------ DATA FOR PROCESSING ------
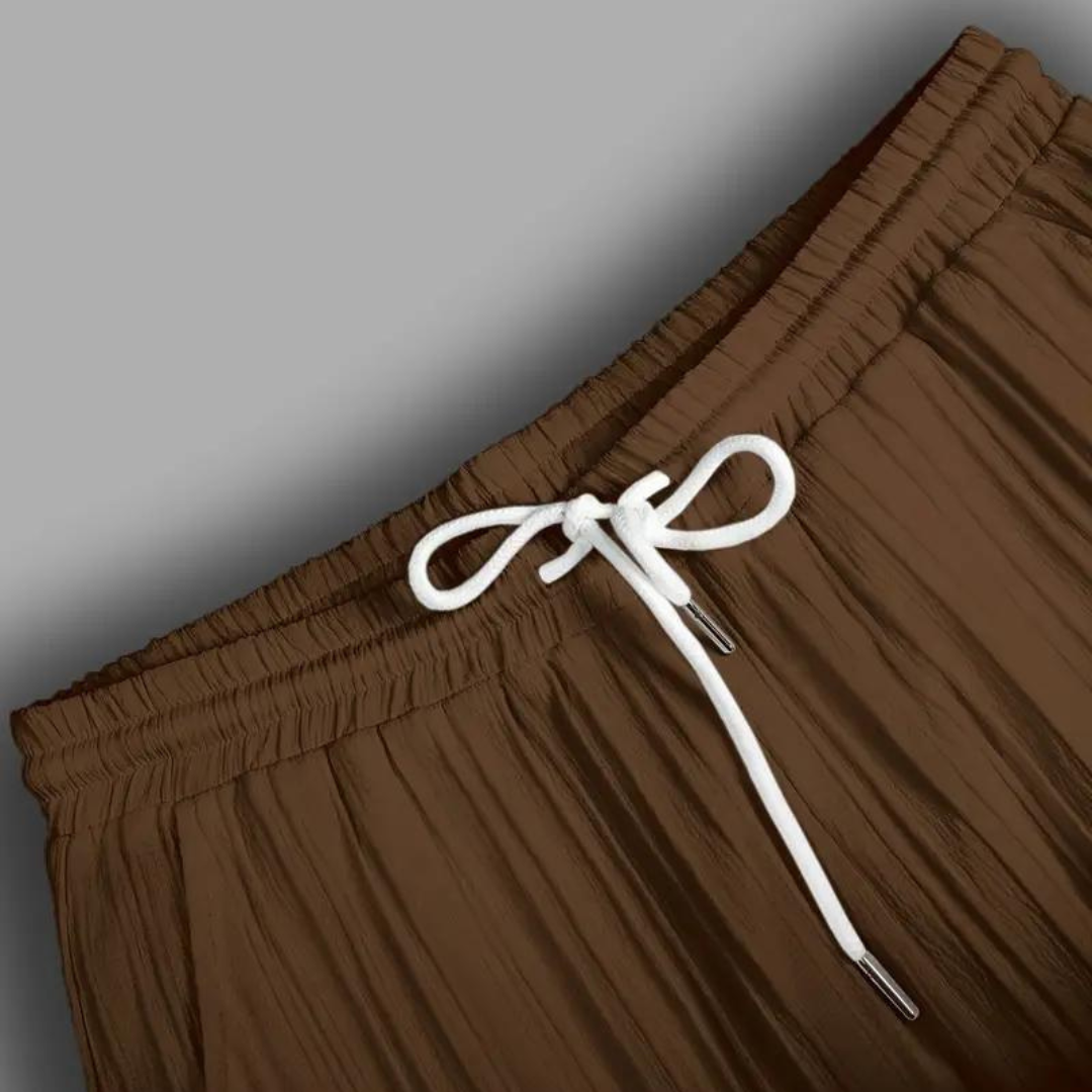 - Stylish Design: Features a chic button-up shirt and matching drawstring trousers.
------
------ DATA FOR PROCESSING ------
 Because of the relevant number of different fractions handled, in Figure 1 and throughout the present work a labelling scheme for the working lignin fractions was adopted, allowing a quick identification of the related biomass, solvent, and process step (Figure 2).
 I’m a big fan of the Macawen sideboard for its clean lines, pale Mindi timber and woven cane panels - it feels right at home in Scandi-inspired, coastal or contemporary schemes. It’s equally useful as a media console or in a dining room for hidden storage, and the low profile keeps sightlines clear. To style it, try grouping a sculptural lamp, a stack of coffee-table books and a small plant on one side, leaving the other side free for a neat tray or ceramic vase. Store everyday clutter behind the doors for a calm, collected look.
------
------ DATA FOR PROCESSING ------
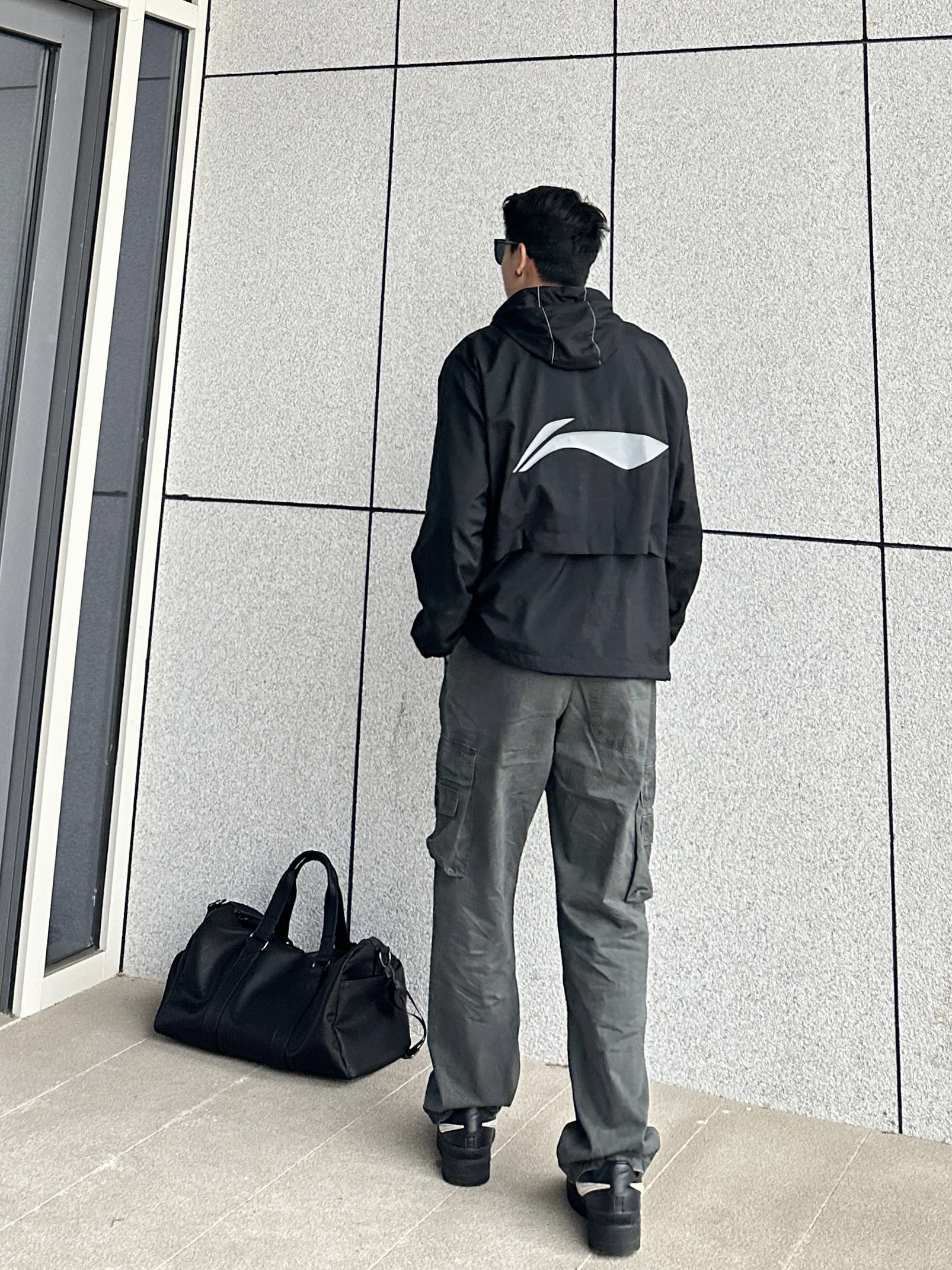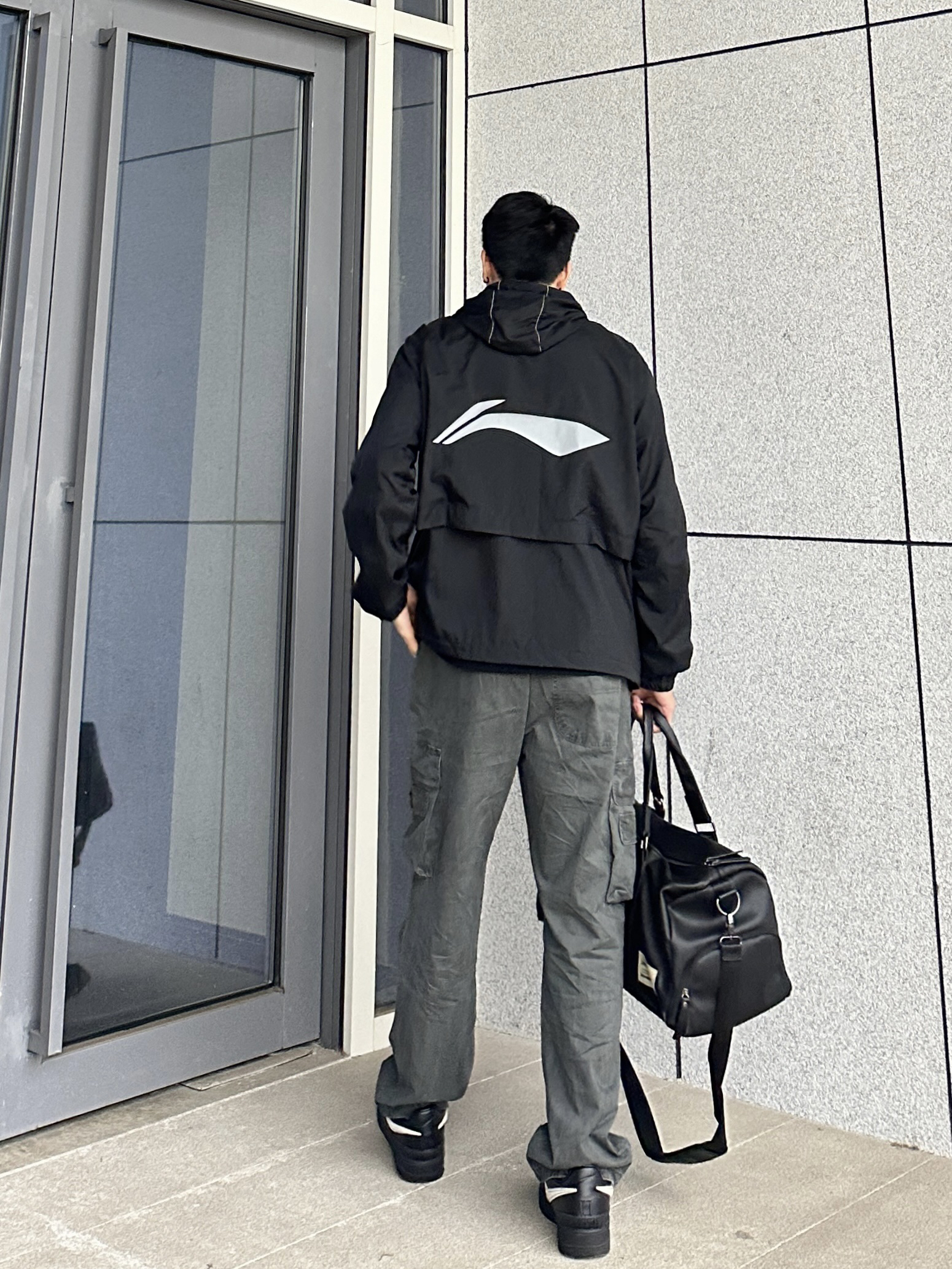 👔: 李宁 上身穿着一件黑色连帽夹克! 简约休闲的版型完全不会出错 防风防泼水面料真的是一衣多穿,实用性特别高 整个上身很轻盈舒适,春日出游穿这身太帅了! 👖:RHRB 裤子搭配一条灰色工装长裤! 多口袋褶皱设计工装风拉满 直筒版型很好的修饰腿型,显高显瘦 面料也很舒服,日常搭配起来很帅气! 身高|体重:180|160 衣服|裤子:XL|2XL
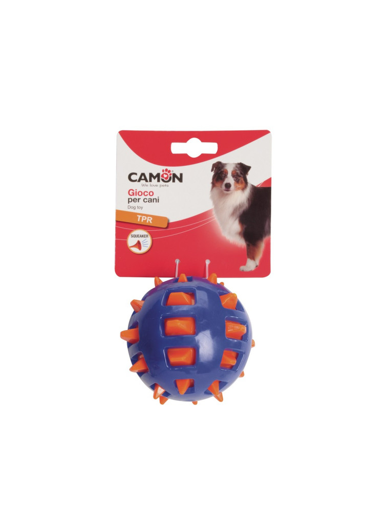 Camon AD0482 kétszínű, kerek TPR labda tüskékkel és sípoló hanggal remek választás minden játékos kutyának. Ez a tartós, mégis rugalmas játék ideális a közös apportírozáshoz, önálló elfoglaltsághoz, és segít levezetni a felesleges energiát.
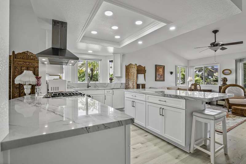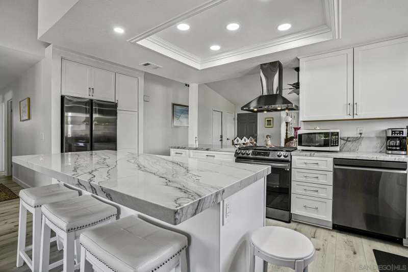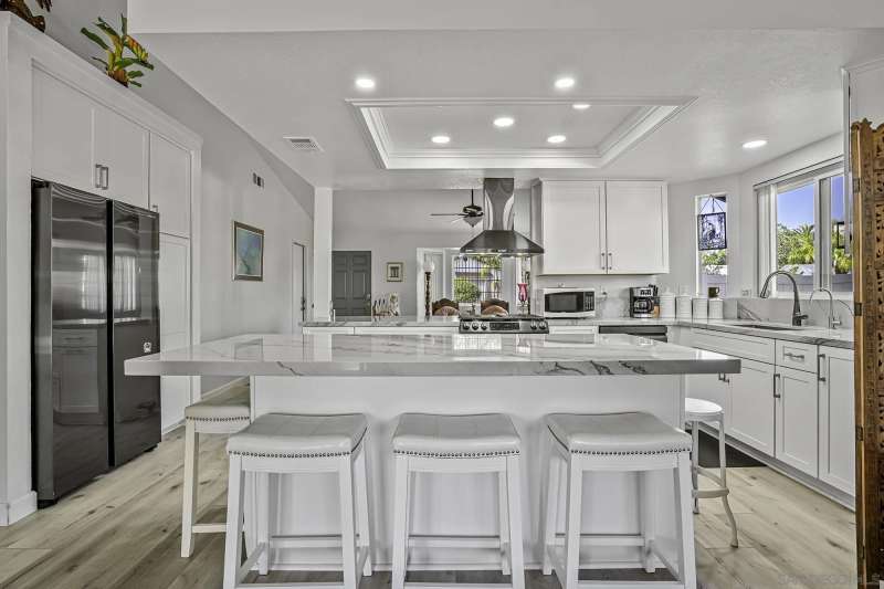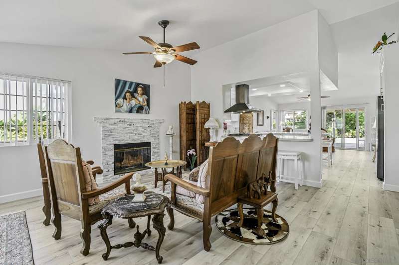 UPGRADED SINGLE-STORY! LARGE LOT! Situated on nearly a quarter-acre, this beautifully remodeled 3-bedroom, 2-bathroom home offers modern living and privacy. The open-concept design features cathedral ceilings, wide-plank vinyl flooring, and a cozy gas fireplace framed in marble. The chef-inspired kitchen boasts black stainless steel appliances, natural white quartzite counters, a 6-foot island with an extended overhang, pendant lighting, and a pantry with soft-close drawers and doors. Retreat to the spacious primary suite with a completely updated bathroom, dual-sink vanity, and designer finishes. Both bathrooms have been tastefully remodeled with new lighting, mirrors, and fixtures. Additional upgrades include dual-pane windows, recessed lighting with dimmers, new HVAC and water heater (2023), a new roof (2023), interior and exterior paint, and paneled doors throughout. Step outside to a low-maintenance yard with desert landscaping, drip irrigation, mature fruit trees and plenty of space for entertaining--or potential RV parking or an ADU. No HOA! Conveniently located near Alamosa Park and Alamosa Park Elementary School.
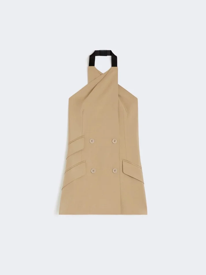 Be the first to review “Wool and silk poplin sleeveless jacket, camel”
------
ASSIGNMENT ▸ Copy word for word the lines of the records above from the one with "面料也很舒服,日常搭配起来很帅气! 身高|体重:180|160 衣服|裤子:XL|2XL" up to and including the one with "Camon AD0482 kétszínű, kerek". Skip the pictures.

PROBLEM SOLUTION ▸
 👔: 李宁 上身穿着一件黑色连帽夹克! 简约休闲的版型完全不会出错 防风防泼水面料真的是一衣多穿,实用性特别高 整个上身很轻盈舒适,春日出游穿这身太帅了! 👖:RHRB 裤子搭配一条灰色工装长裤! 多口袋褶皱设计工装风拉满 直筒版型很好的修饰腿型,显高显瘦 面料也很舒服,日常搭配起来很帅气! 身高|体重:180|160 衣服|裤子:XL|2XL
 Camon AD0482 kétszínű, kerek TPR labda tüskékkel és sípoló hanggal remek választás minden játékos kutyának. Ez a tartós, mégis rugalmas játék ideális a közös apportírozáshoz, önálló elfoglaltsághoz, és segít levezetni a felesleges energiát.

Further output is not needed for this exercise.